Information extraction from text requires the establishment of dedicated ontologies and of text mining pipelines as largely recognized in the biomedical domain [20]. Ontologies improve text mining performances and conversely the information extracted is more reusable when linked to a reference resource such as an ontology through the normalization process. Normalization consists in assigning a class or a category from a controlled vocabulary to text mentions. It is a key step for the semantic interoperability of textual information and other sources of data and a major text mining challenge [21]. Plant traits and phenotypes expressed in textual sources are characterized by a great variability of the lexicon [15]. The text carries information at various levels of generality with different assessment status, ranging from experimental fine-grained data to general expert knowledge, through intermediate levels of synthesis and abstraction. The examples in Fig. 1 illustrate the variability of trait expressions in scientific documents in descending order of generality. In example (1) the trait “resistance to fungal and viral diseases” is a general trait. Example (2) mentions “FHB resistance” (i.e., Fusarium head blight resistance) which reflects resistance to a specific fungal disease FHB, and its effect on the related observations of six specific traits (e.g., plant height). Example (3) is the most specific: it is about the severity score of the trait “Russian wheat aphid resistance” observed for a given cultivar (i.e., Hatcher) whose value is 1.9.

Fig. 1.

Examples of phenotype mentions from scientific papers. Traits and phenotypes are in bold.

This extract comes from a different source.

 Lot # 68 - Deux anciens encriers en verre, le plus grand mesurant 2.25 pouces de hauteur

This varying scope of phenotypic information in scientific papers answers to different needs and usages. It ranges from detailed documentation of experiments and inferred data, to review of shared and well-acknowledged bodies of knowledge supported by large sets of experimental and scientific results.

We have been developing the Wheat Trait Ontology (WTO) since 2010 to answer breeders and scientists’ needs for wheat trait and phenotype information management and retrieval at varying abstraction scales. WTO supports two objectives: (1) building a formal shared representation of wheat trait whose knowledge organization closely reflects the expert knowledge model and (2) making phenotypic information extraction from text easier. To achieve both objectives, the sources for building WTO include expert knowledge and textual documents: expert interviews, terminology analysis from the literature and gene catalogs. The richness of the WTO vocabulary, its similarity with scientific literature lexicon and its deep hierarchies make it a useful resource for both text mining and information management.

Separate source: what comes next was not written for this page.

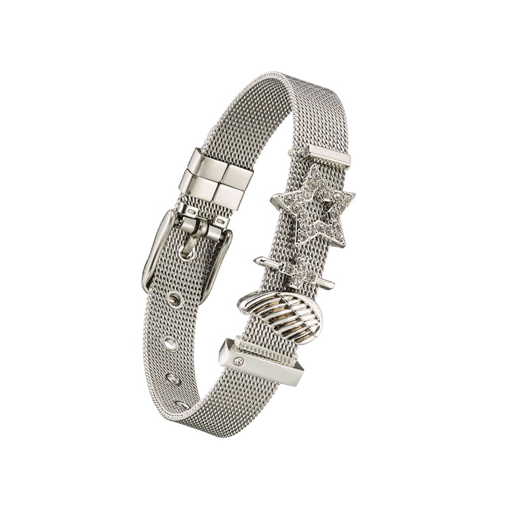 Bratara realizata din otel inoxidabil, decorata cu elemente in forma de aripa, stea cu cristale incolore si cruce. Reprezinta cadoul ideal pentru orice ocazie!

The paper is organized as follows. Section 2 describes the WTO. Section 3 presents the motivation and method for building WTO. Section 4 illustrates WTO usage through an application. Section 5 discusses WTO characteristics compared to other semantic resources and presents future work.

WTO Description

WTO covers a wide range of bread wheat traits (e.g., observable physical plant properties), phenotypes (e.g., trait values) and their related environmental conditions (e.g., disease, extreme temperature) organized in three trees. The current version contains 596 classes. The population of the main classes and their subclasses is given in Table 1.

Main classes of WTO with the number of some subclasses

The maximum depth of WTO is 9 and the average number of children per class is 3. We chose a deep and balanced structure because the breeder's needs to manage data at different levels of aggregation. Classes at intermediate levels support synthetic queries for searching high-level correlations between genetic, phenotypic, and physiological phenomena.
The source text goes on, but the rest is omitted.